The sestina, for those who don’t know it, is a form consisting of six six-line stanzas whose lines end with the same six words, repeated in a somewhat confusing cycle. The last three-line stanza, called the envoie, also uses all six words.

Seeking

It was heat so hot it cut the air
into panels of swaying bend and warp,
her gaze into off-set swathes of view;
heat so hot that it blotted out the sun,
passing off white noise as summer sky;
heat as hot as any she’d not felt,

for the weather did not burn but lined with felt
her day, her lungs, her movements through the air,
enclothing its tight fist around the sky.
So very hard to breathe a weave and warp
that were weighted not with light but sun,
which, even as it seemed to hide from view–

only a smear in the red-orange view
of dusk, the pink of dawn–made itself felt
as a chemical ball of flame, a sun
of some far planet that in time/space warp
had circumvented the Earth’s true sky.

Oh where, oh where, she wondered, was the sky?
Its hue, its blue, the newness of each view,
the healing that could ease the twist and warp
that tugged at all she thought, at all she felt.
Oh where, oh where, she wondered in dull air,
was he who once was called her only son?

In truth, of course, he still was called her son.
The names of things not found under the sky
remain their names, like lyrics to an air
whose tune is lost, like paintings of a view
long since blocked out (by trees, let’s say, who felt
their limbs took precedence). In the warp

of her wandering mind, even the warp
of branches that curved and craned for sun
was conduct consciously planned and felt–
for all was sentient, live, under the sky,
while also dead. This special point of view
appears to the human for whom to err

has been divine, who’s felt the loss of sky
that held a son, a point of view
so sharp, it limned the warp of missing air.

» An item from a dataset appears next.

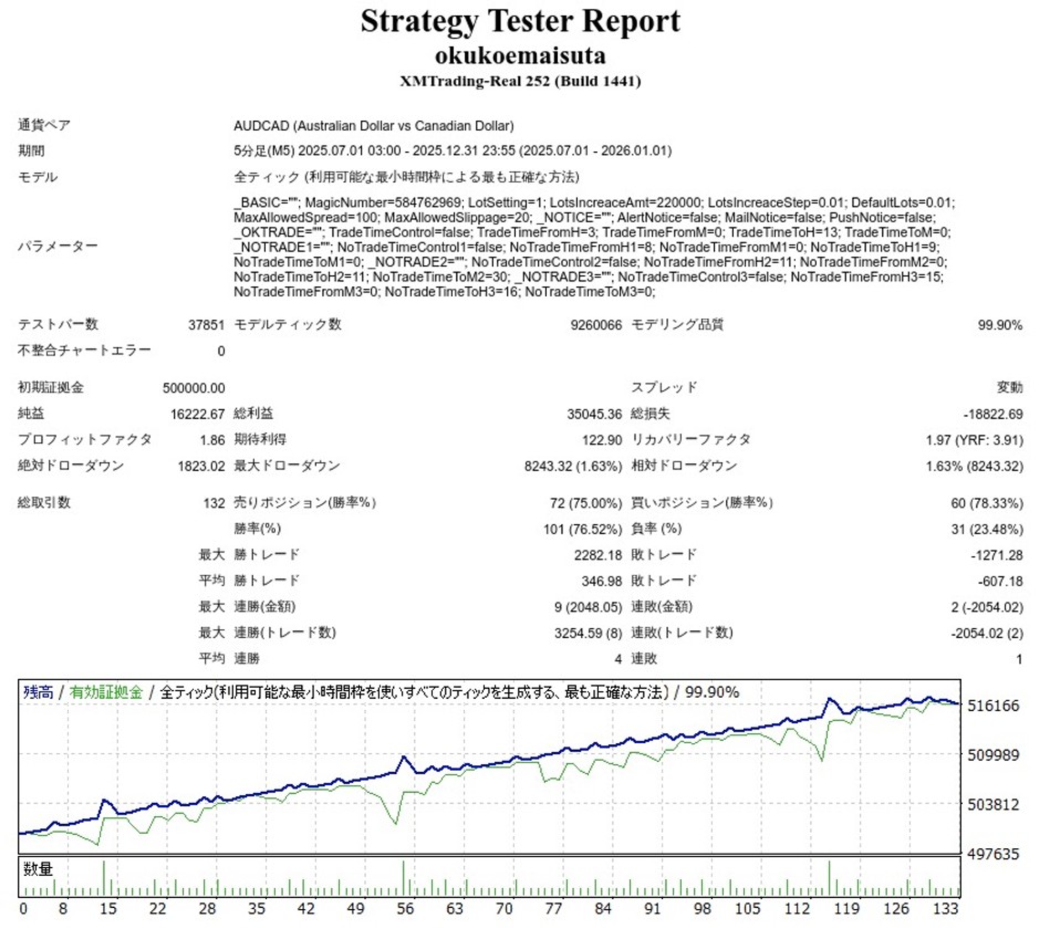 | 初期証拠金 | 500,000円 | 勝率 | 75.00% |

P.S. For those interested in process–I did not have a clue of what I was going to write when I started only that I wanted to try another sestina. So I focused on a few good repeating words, and started out with a line (more or less) from the novel I am supposed to be working on (which does not have a story anything like this.) Oddly, I did not think about “err” as a homonym till the second or third draft.